Please write out only the lines from the line with "Sepatu Casual Pria" to the line with "Bauelementklemme. Dreistock. mit", inclusive, exactly as they stand below, without the pictures.

_Input data_:
———

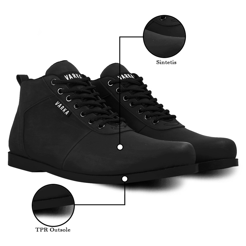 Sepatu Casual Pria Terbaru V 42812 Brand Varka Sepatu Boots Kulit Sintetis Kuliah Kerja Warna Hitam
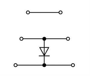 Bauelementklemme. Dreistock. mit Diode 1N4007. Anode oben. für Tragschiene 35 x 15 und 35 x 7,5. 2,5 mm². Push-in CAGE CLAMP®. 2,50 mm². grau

———

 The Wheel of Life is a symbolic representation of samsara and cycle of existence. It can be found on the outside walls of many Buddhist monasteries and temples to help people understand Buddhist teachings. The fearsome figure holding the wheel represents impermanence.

———

_Written reply_:
 Sepatu Casual Pria Terbaru V 42812 Brand Varka Sepatu Boots Kulit Sintetis Kuliah Kerja Warna Hitam
 Bauelementklemme. Dreistock. mit Diode 1N4007. Anode oben. für Tragschiene 35 x 15 und 35 x 7,5. 2,5 mm². Push-in CAGE CLAMP®. 2,50 mm². grau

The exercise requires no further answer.